Poco a poco, más que con pánico, empezó a notar la sed, el calor bajo el pelo y el absurdo peso del bolso. Pensó en la habitación del hotel en Málaga. En la llave que llevaba en el bolso y que allí no servía absolutamente para nada.

Podía volver, pero ¿volver adónde? Podía seguir, pero no sabía hacia dónde.

Las montañas se alzaban a ambos lados de la carretera. Por un instante se sintió simplemente pequeña ante ellas y ante el inmenso paisaje que la rodeaba. Como si aquel paisaje hubiera existido durante tanto tiempo que sus catorce días, su billete y su prudente plan no significaran absolutamente nada.

Entonces oyó seis notas de una guitarra. Sonaron tan débiles que al principio creyó haberlas imaginado, pero volvieron a escucharse. Las mismas seis notas, lentas y tentativas, como si alguien, en algún lugar, estuviera haciendo una pregunta.

Astrid levantó la cabeza.

Esperó.

Ahí estaban otra vez.

Siguió el sonido.

La condujo lejos de la carretera y por un camino de grava más estrecho, entre muros bajos de piedra. En algún lugar un perro ladró una vez y calló. El olor de la tierra caliente se mezclaba con algo verde y amargo que venía de los árboles. Las notas de la guitarra desaparecían y, cada vez que temía haberlas perdido, regresaban.

Seis notas.

Una pausa.

Seis notas otra vez.

Las siguió hasta doblar otra curva y ver un muro encalado y un portón oscuro de madera que estaba entreabierto.

Astrid se detuvo fuera.

Debería haber llamado. Debería haber dicho hola o perdón o cualquier cosa que explicara por qué una desconocida danesa estaba ante aquel portón. Pero la guitarra volvió a sonar y esta vez las notas llegaban con toda claridad desde el patio.

Empujó con cuidado el portón y lo abrió un poco más.

Un joven estaba sentado en una silla con una guitarra española apoyada sobre el muslo. El sol entraba oblicuo sobre las piedras del patio y la sombra del muro lo dividía entre luz y oscuridad. No levantó la mirada. Seguía mirando las cuerdas y tocando una y otra vez la misma pequeña melodía, como si intentara encontrar algo en ella.

Astrid permaneció en la entrada.

Empezó a tararear.

Al principio tan bajo que casi podía convencerse de que solo sonaba dentro de su cabeza. Siguió con cautela las seis notas y dejó que su voz encontrara el camino entre ellas.

El hombre siguió tocando. Aún no la había visto.

Poco a poco, su tarareo se convirtió en palabras.

Las palabras eran danesas. Al principio pequeñas y vacilantes, no como una canción terminada, sino como algo que necesitaba salir. Sobre el camino que la había llevado al lugar equivocado. Sobre el autobús que había desaparecido. Sobre las montañas, que primero la habían asustado y que ahora se alzaban a su alrededor como si hubieran estado observándola todo el tiempo.

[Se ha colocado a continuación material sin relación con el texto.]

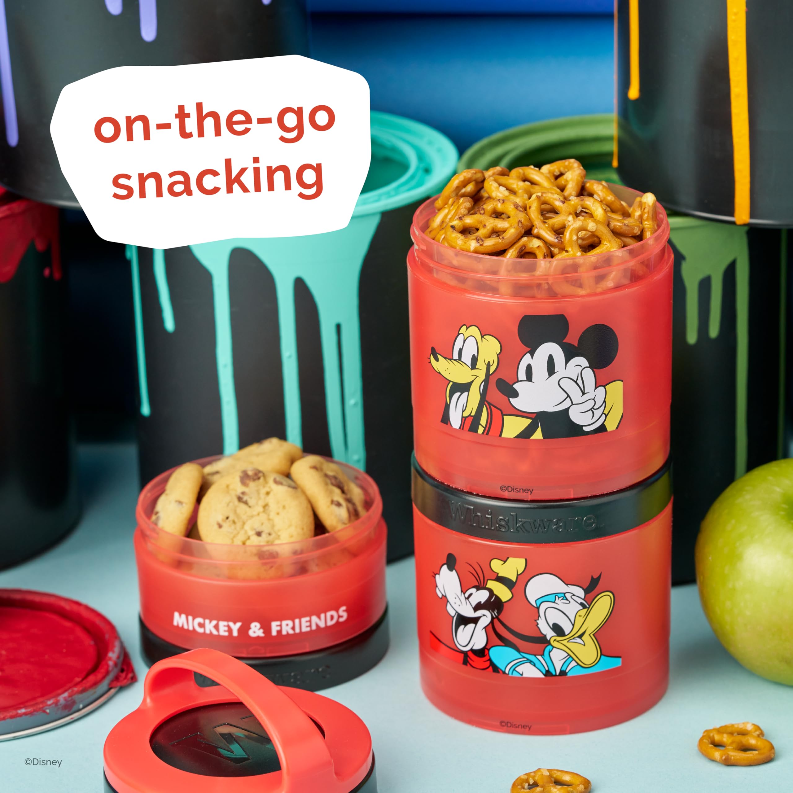 Durable, stackable snacking containers designed to make eating easy, fun, and mess free
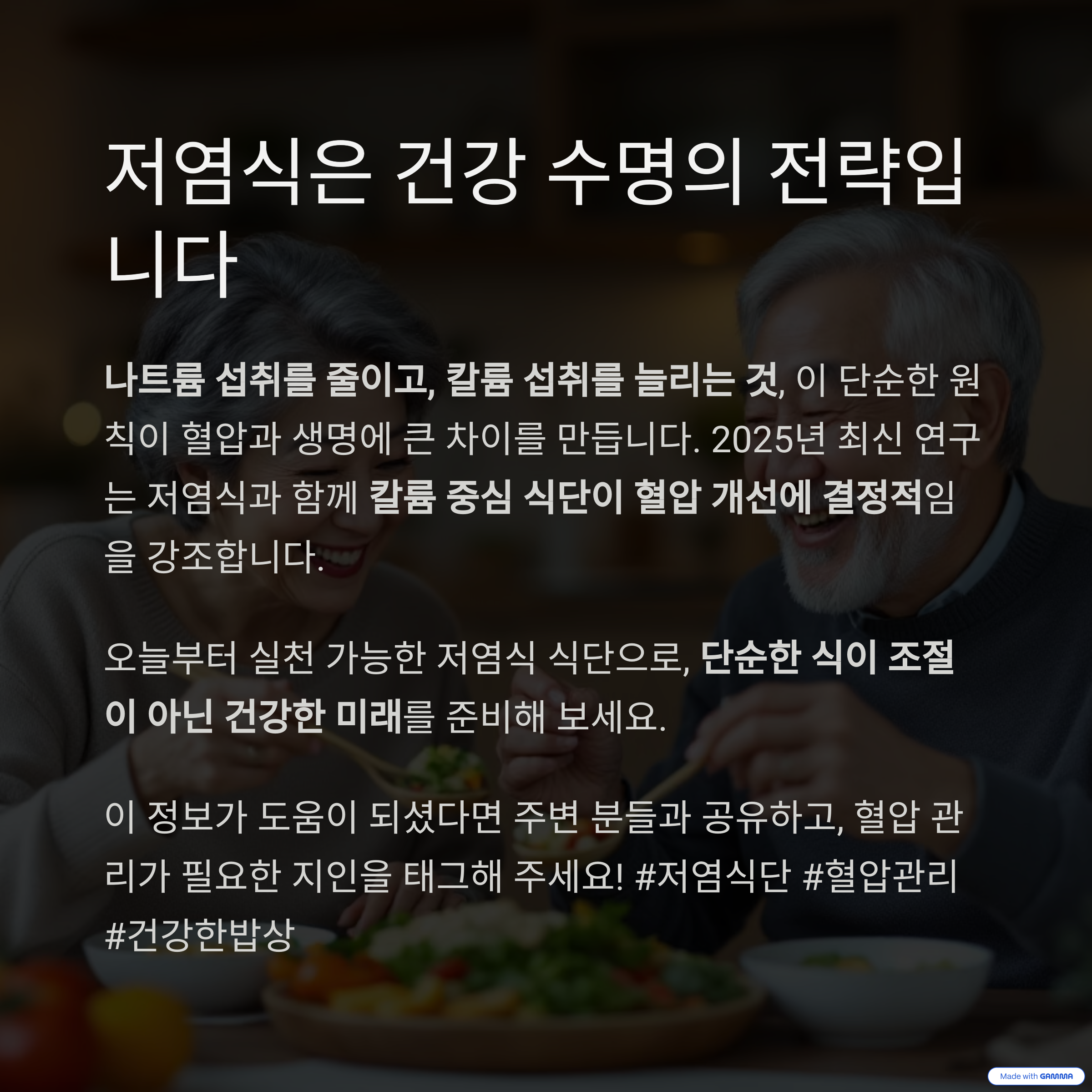 2025년 최신 연구는 저염식과 함께 칼륨 중심 식단이 혈압 개선에 결정적임을 강조합니다.
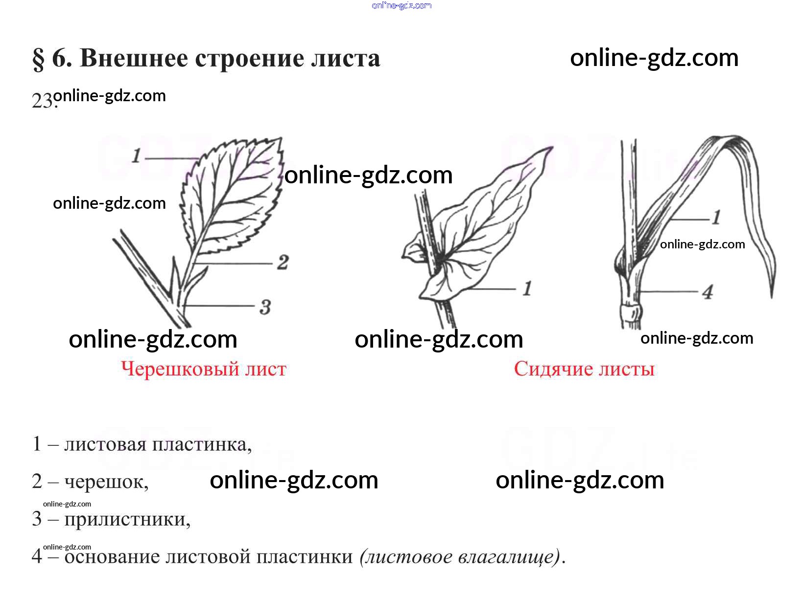 Готовые домашние задания по Биологии за 6 класс Рабочая тетрадь Пасечник УМК 2017 - Упражнения 23
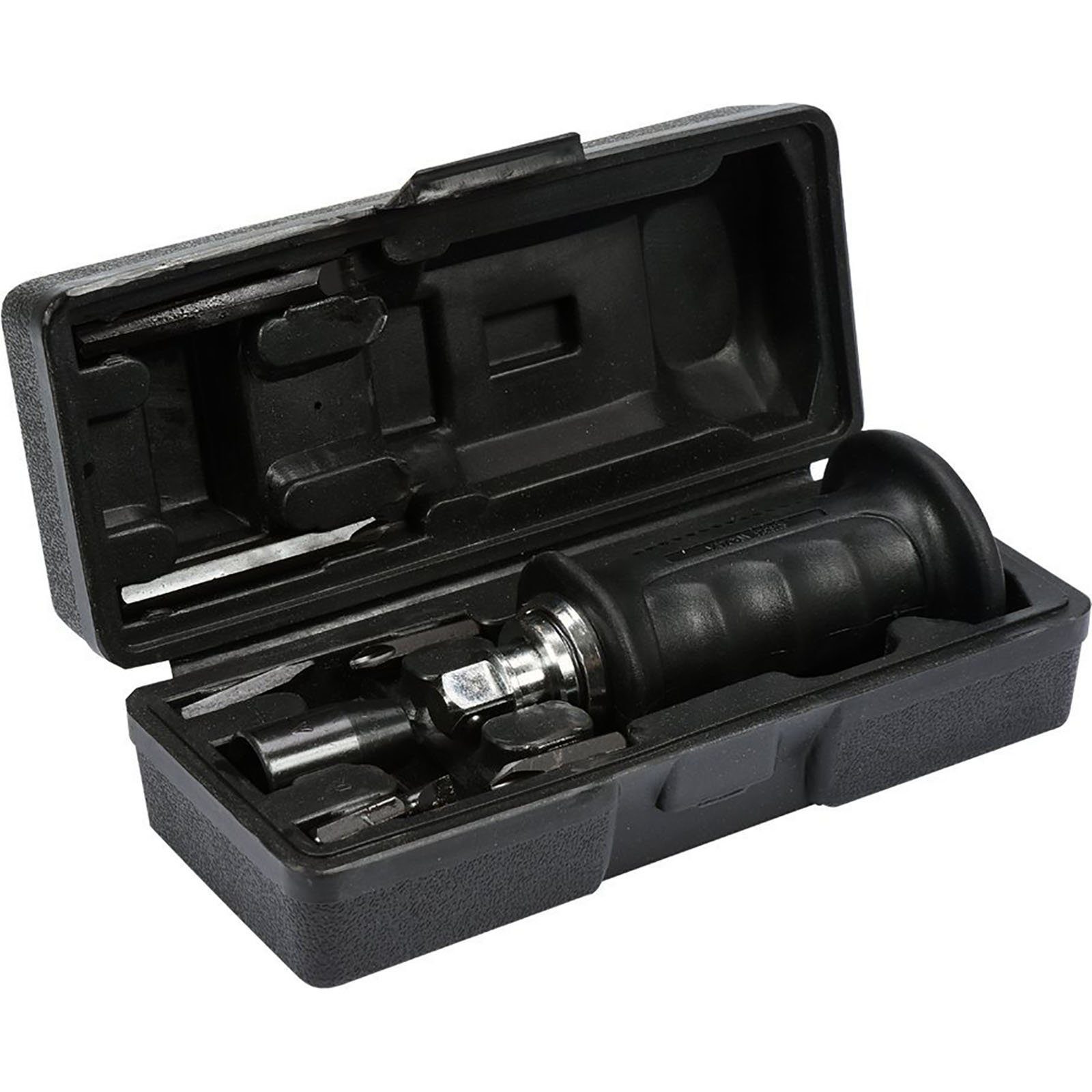 Handlicher YATO-Schlagschrauber mit einem 175 mm langen, ergonomisch geformten Kunststoffgriff und 6 geschwärzten Aufsätzen. Das ideale Werkzeug zum Entfernen und Lösen schwergängiger Schrauben, Bolzen und Muttern. Er funktioniert durch Umwandlung der kinetischen Energie des Hammerschlags in eine Drehbewegung der Schraubendreherspitze. Beim Schlag auf den Schrauber wird die Nuss/der Bit nach links zum Öffnen gedreht.
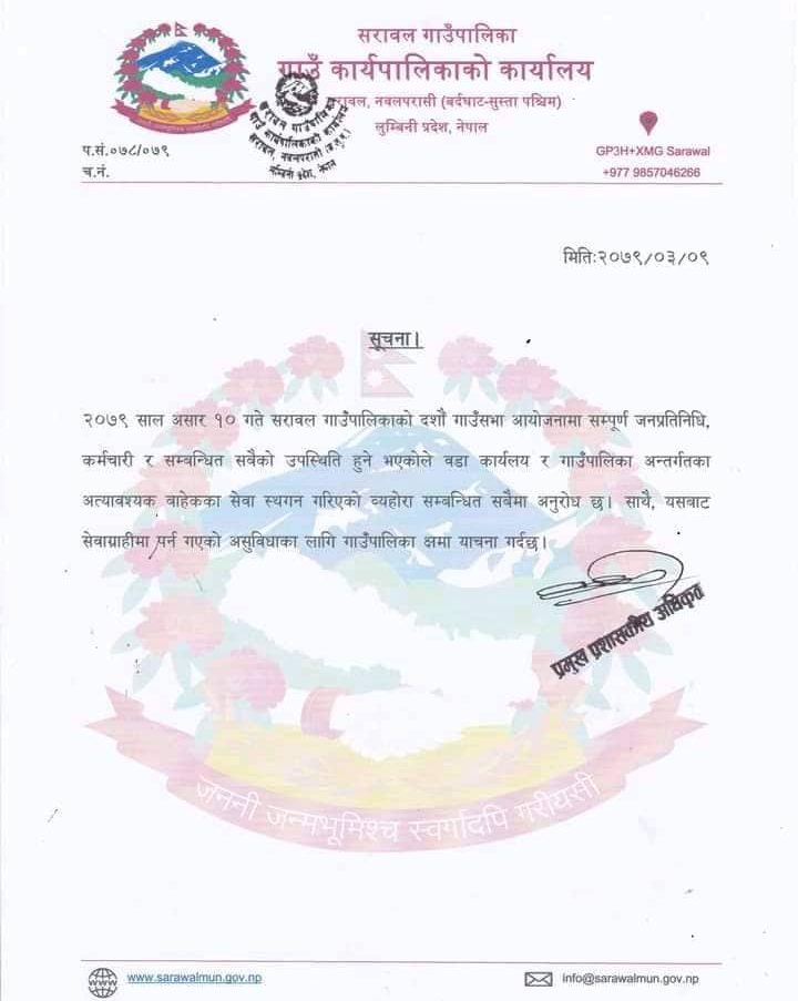 सरावल।पश्चिम नवलपरासीको सरावल गाउँपालिकाको शुक्रबार दशौं गाउँसभाको अवसरमा गाउँपालिकाको  अत्यावश्यक बाहेकका सेवा स्थगन हुनेभएको छ।

Las palabras cobraron fuerza. Su voz creció hasta atravesar el patio.

Solo entonces el hombre levantó la mirada y la vio, pero no dejó de tocar.

Astrid sintió el calor en la nuca, el polvo bajo los pies y el corazón latiéndole con demasiada claridad. Pero había algo en su mirada que no le pedía explicaciones. Simplemente le daba valor para continuar.

Él siguió tocando con seguridad bajo su voz, como si conociera el camino a través de la canción aunque no entendiera una sola de sus palabras.

Astrid cantó con más libertad.

Al final, las palabras perdieron su fuerza. Poco a poco volvieron a convertirse en un tarareo y desaparecieron.

Solo entonces dejó él de tocar.

La última nota quedó suspendida un instante en el patio cálido.

La miró.

—Mi cisne dorado… el destino te guio hasta mi puerta.

Astrid no entendió nada. Todavía no.

Pero aquel día simplemente permaneció en el portón abierto mirándolo.

Entonces él se levantó y alzó un dedo, como pidiéndole que esperara. Desapareció por una puerta al otro extremo del patio y regresó con un vaso de agua.

Solo cuando se lo tendió sintió de verdad cuánta sed tenía.

—Gracias —dijo.

Se lo bebió entero. El agua estaba tibia, pero nunca había probado nada mejor.

Él tomó el vaso vacío y se llevó una mano al pecho.

—Pedro.

Astrid hizo lo mismo.

—Astrid.

Él repitió su nombre despacio, como si fuera otro sonido que tuviera que aprender.

—As-trid.

Ella asintió.

La carretera seguía allí, fuera del portón. La habitación del hotel la esperaba en Málaga, la maleta estaba junto a la cama y su viaje de regreso ya tenía fecha.

Pero cuando Pedro volvió a posar los dedos sobre las cuerdas, la carretera dejó de llamarla.